The Excel macro builds letter combinations that are between the minimum and maximum length, and then tests those letter combinations using the built-in dictionary that is in Excel.  I had a little bit of difficulty coming up with a way to generate the letter combinations of variable length, so I settled on a custom developed technique – I would simply keep track of the original character positions, manipulate those original character positions, and then output the corresponding characters.  The challenge is then how does one verify that the same character position is not used more than once in a single word? 
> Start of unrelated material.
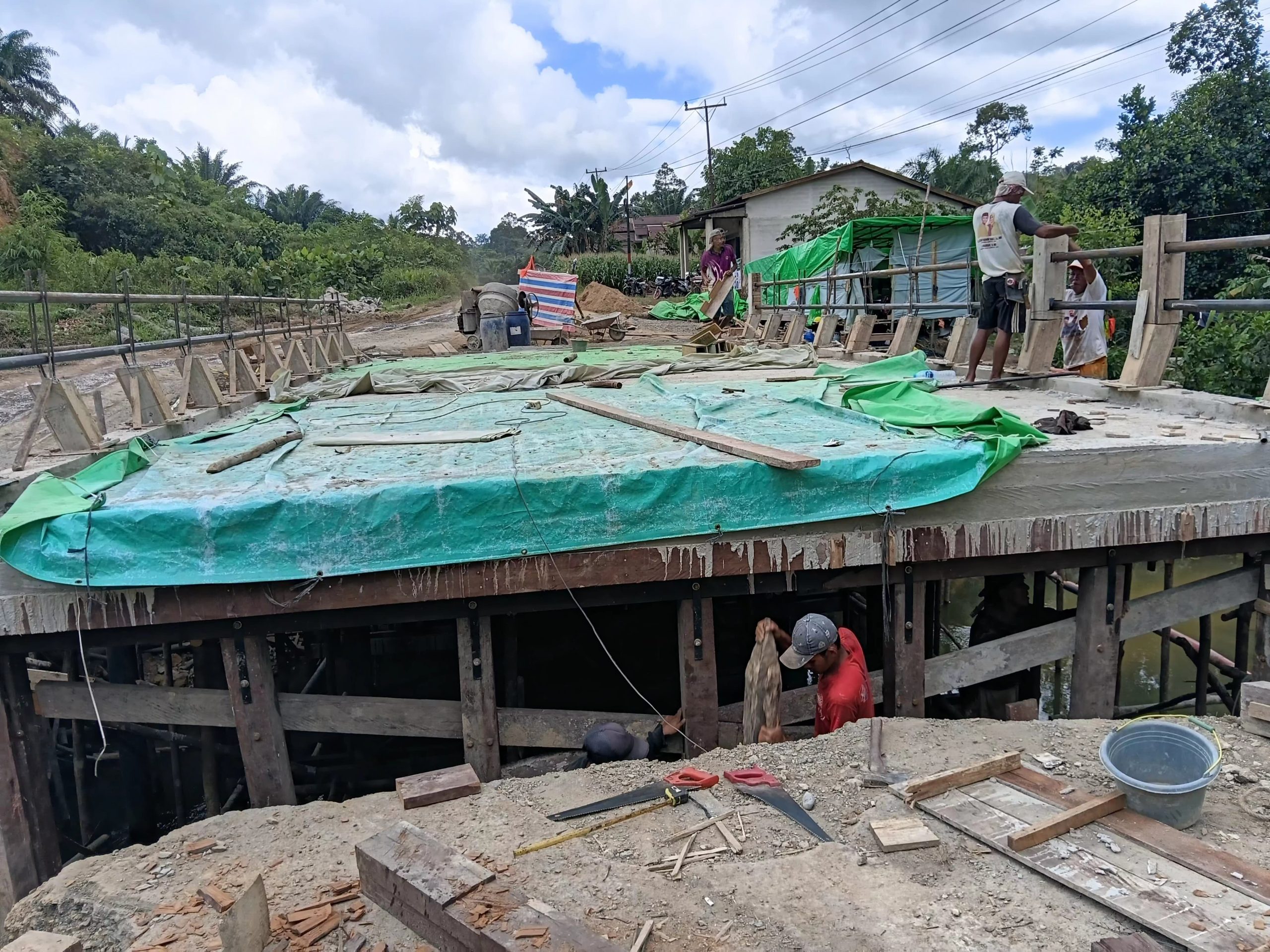 Namun, hasil pantauan awak media di lapangan mengungkapkan kenyataan yang berbeda. Struktur jembatan yang tengah dibangun terlihat masih menggunakan tiang kayu lama, yang diduga merupakan material bekas dan bukan bagian dari konstruksi jembatan komposit sebagaimana yang tertera dalam kontrak proyek. Selain itu, kualitas pengerjaan secara keseluruhan juga dipertanyakan, dengan sejumlah elemen konstruksi yang terlihat terkesan asal jadi dan tidak sesuai dengan spesifikasi teknis yang diharapkan.

 The method that I came up with is as follows, which assumes that we are trying to build four letter words from the supplied 16 letters.  We can start with the seed combination 1,2,3,4.  The idea is to work from left to right, and then back to the left.  Every time to make it to the right, we output a word, when we make it all the way back to the left (just before the number 1 in the above), we are done.  The rules are simple:

  • Increment the number in a position, and if that number does not appear in a position to the left, move one position to the right.
  • When the maximum character number (16 in this example) is exceeded in a position, reset the number to 1, move one position to the left, and increment the value in the new position by 1.
  • In the last position the character number should be incremented as many times as necessary to reach the maximum character number – each time a potential new combination will be generated.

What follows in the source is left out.